• Assignment
Drop every image, then reproduce the data exactly as given.

• Collected data
-------------------------
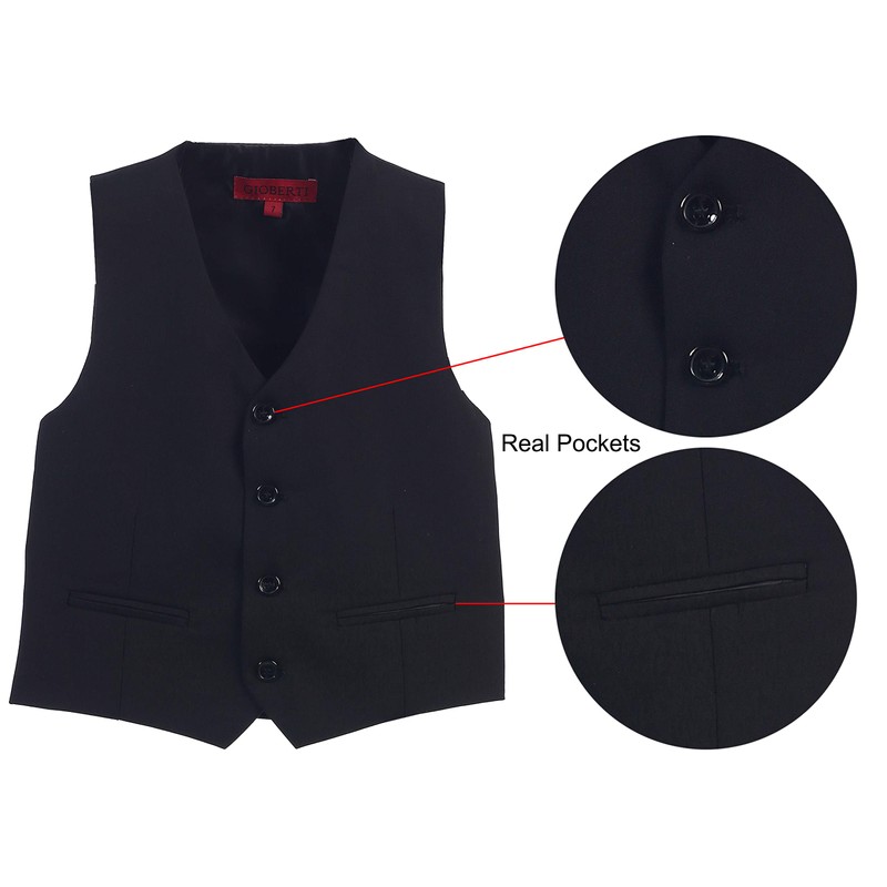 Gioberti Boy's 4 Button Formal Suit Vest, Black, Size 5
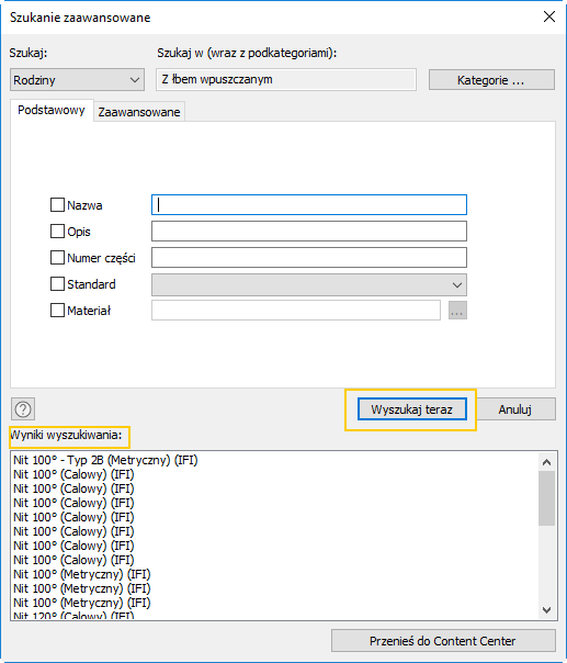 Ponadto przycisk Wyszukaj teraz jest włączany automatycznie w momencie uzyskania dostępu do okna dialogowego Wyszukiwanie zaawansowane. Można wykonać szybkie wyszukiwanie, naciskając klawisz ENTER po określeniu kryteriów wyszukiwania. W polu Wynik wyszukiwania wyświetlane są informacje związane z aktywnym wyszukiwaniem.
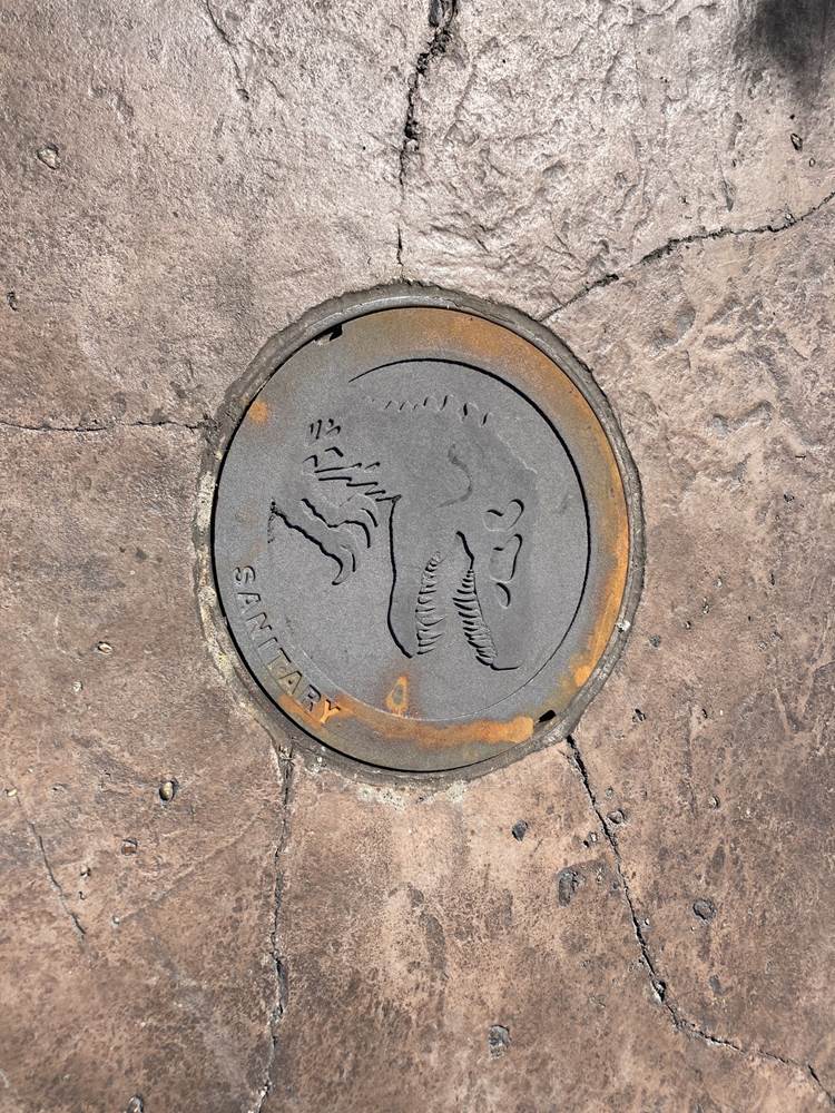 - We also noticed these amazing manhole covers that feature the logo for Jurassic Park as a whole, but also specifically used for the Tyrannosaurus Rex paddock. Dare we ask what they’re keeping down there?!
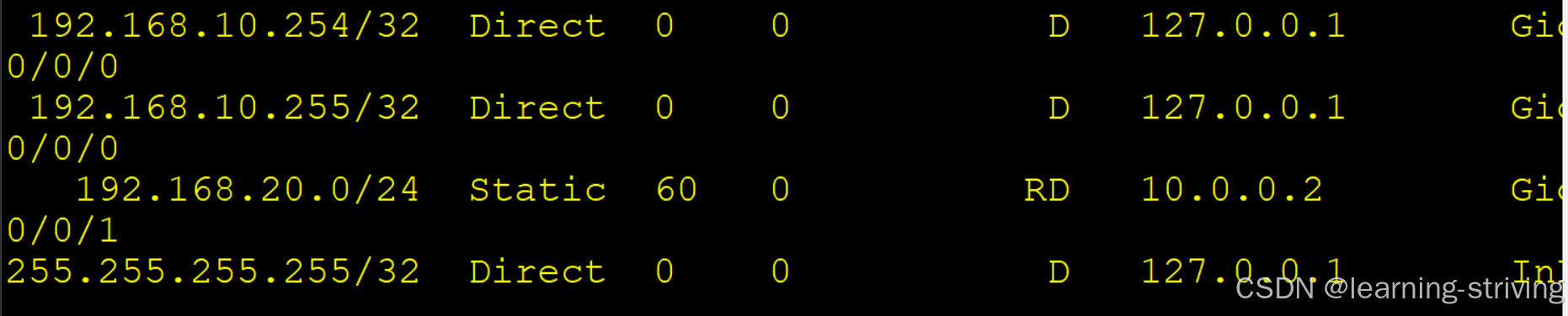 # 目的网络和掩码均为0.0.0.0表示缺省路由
-------------------------
• Response area
 Gioberti Boy's 4 Button Formal Suit Vest, Black, Size 5
 Ponadto przycisk Wyszukaj teraz jest włączany automatycznie w momencie uzyskania dostępu do okna dialogowego Wyszukiwanie zaawansowane. Można wykonać szybkie wyszukiwanie, naciskając klawisz ENTER po określeniu kryteriów wyszukiwania. W polu Wynik wyszukiwania wyświetlane są informacje związane z aktywnym wyszukiwaniem.
 - We also noticed these amazing manhole covers that feature the logo for Jurassic Park as a whole, but also specifically used for the Tyrannosaurus Rex paddock. Dare we ask what they’re keeping down there?!
 # 目的网络和掩码均为0.0.0.0表示缺省路由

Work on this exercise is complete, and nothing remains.